Уже в Париже не знал, куда бежать от этой закулисной кухни, групповых игр, интриг, соперничества, распределения средств, талонов на обед.
Мы развелись с ней почти сразу, как оказались за границей. Да, знаешь ли ты, что до этого у нас был ребенок, сын? Роды оказались тяжелые, оба долго болели, и потом все не могли оправиться. Я числился в бегах, она еще хотела следовать за мной, но мальчик был слаб, она ненадолго оставила его у своих стариков. То есть мы думали, что ненадолго, она собиралась скоро вернуться. А там стечение обстоятельств, война. Перед самой войной старики умерли, она узнала об этом с большим опозданием. Кто-то ей будто бы написал, что мальчик здоров и устроен: достоверно не знаю, мы к тому времени уже не виделись. Слышал, что она в Россию вернулась, но где и как нашла его? Жив ли он, чье носит имя? Не знаю и — суди об этом как хочешь — до сих пор не старался узнать ни о нем, ни о ней. Родители ее жили где-то в здешних местах... но опять же, кому я это говорю?
Вот, я написал и подумал: а вдруг за волнением моим крылась надежда нечаянно встретить здесь кого-то из них? Бессмыслица, безумие. Запретна даже мысль об этом.
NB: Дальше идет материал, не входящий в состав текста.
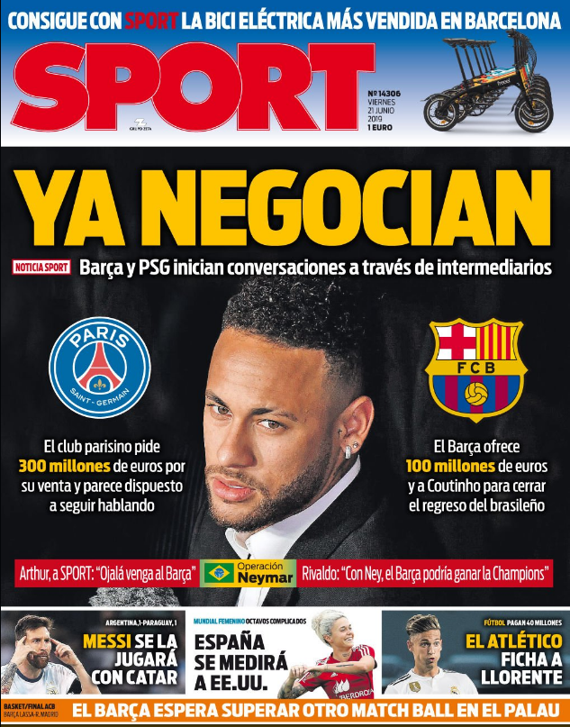 Nesta sexta-feira, enquanto o diário espanhol destaca que Coutinho prefere o clube francês, o 'Sport' destaca que o PSG e o Barça negociam o retorno de Neymar à Espanha.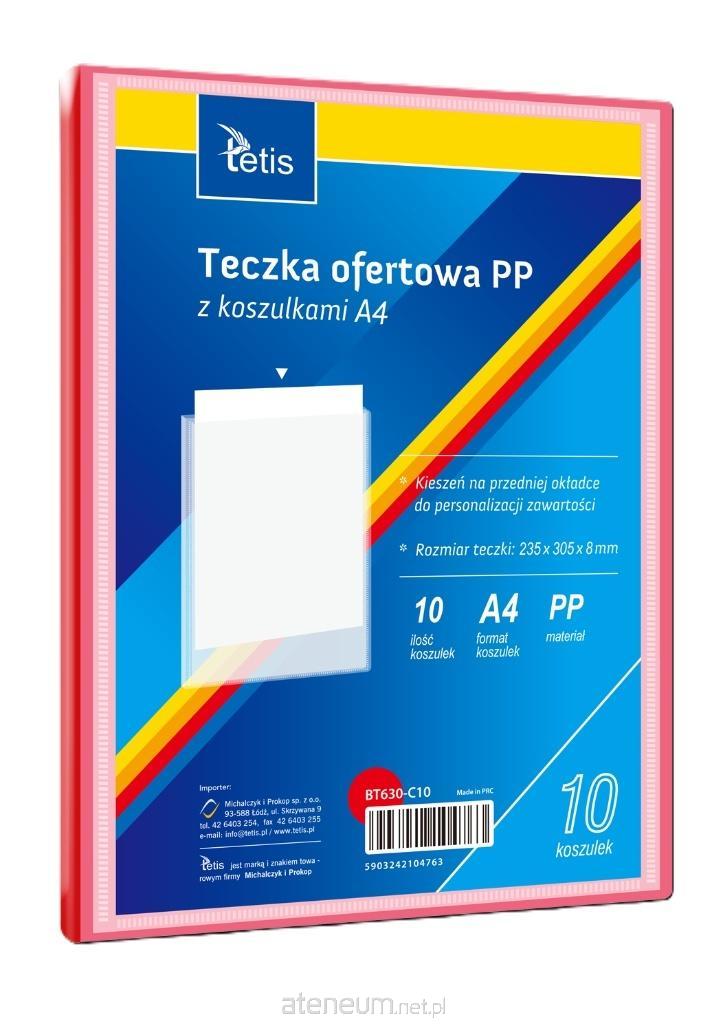 Teczka ofertowa PP z koszulkami. Posiada grzbiet i kieszeń opisową na przedniej okładce, format A4 Teczka posiada 13 przegród. Wymiary teczki: 330x245x35 mm, grubość tworzywa PP: 0,50 mm. Dostępna w pięciu kolorach (niebieski, czerwony, pomarańczowy, żółty, czarny). Opakowanie: folia 1 szt.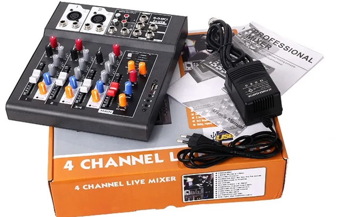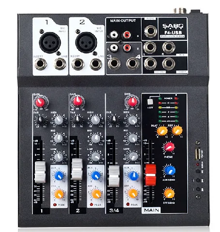 F4-USB мини аудио микшер консоль с USB, встроенный процессор звуковой микшер, 4-канальный микшер звуковая консоль 48 в источник питания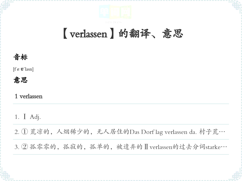 ② 孤零零的,孤寂的,孤单的,被遗弃的Ⅱverlassen的过去分词starkes Verb 强变化动词2 verlassen

Такому, как я, вообще нельзя, наверно, иметь детей. Да по нынешним временам и его вряд ли обрадовало бы родство со мной. Не для таких, как я, эти времена. Впрочем, бывают ли времена для таких? Мне ведь даже словами не удавалось долго обманываться: ты счастливее, я мог в этом убедиться еще раз. Знаешь, я ведь иногда о тебе думал. И когда еще жил с ней, и потом. Это случалось в не лучшие для меня минуты. В минуты слабости и неуверенности, беспричинного смущения, когда, как ребенок, тянешься закрыть глаза и поскорей уткнуться в материнскую теплую юбку.
Нет, я ничего не хочу искать, ни на что не хочу надеяться, даже ничего не боюсь — ты знаешь, что и это не хвастовство. Чувства страха я был лишен патологически, и годы этого уродства не излечили. Выйдя невредимым из стольких переделок, я привык к чувству, что ничего со мной не может случиться больше, чем уже случилось. В конце концов всякая жизнь обречена на крушение, и больше, чем мысль о смерти, может испугать мысль о невозможности умереть.
Но тогда — что все-таки значило это волнение и это бегство? Откуда эта потребность тебе написать, что-то выяснить? Казалось, во мне уже не может быть этих чувств. Я ни о чем не сожалею. Хотя судьбы по меньшей мере трех человек оказались изломаны: моя, твоя, ее,— а может, еще и четвертая, о которой совсем не знаю. Не смейся над тем, что сейчас скажу: пока мы сидели за чаем, у меня все время было смутное ощущение — сейчас оно проявилось, и, пожалуй, я все же договорю...
10. Чужая слюна
Поверхностью кожи разделены миры. Когда не дано проникновения, как в любовном соитии, что знаем мы друг о друге?
трезвый и пьяный
сытый и голодный
мужчина и женщина
разные возрасты
разные народы
разные времена
жизнь и смерть
Чужим глазом увидеть выпуклое отражение: кровяные сосуды на белке, переменчивый цвет радужины и зрачок, как дыру, отверстую в бездну, где кишат звезды.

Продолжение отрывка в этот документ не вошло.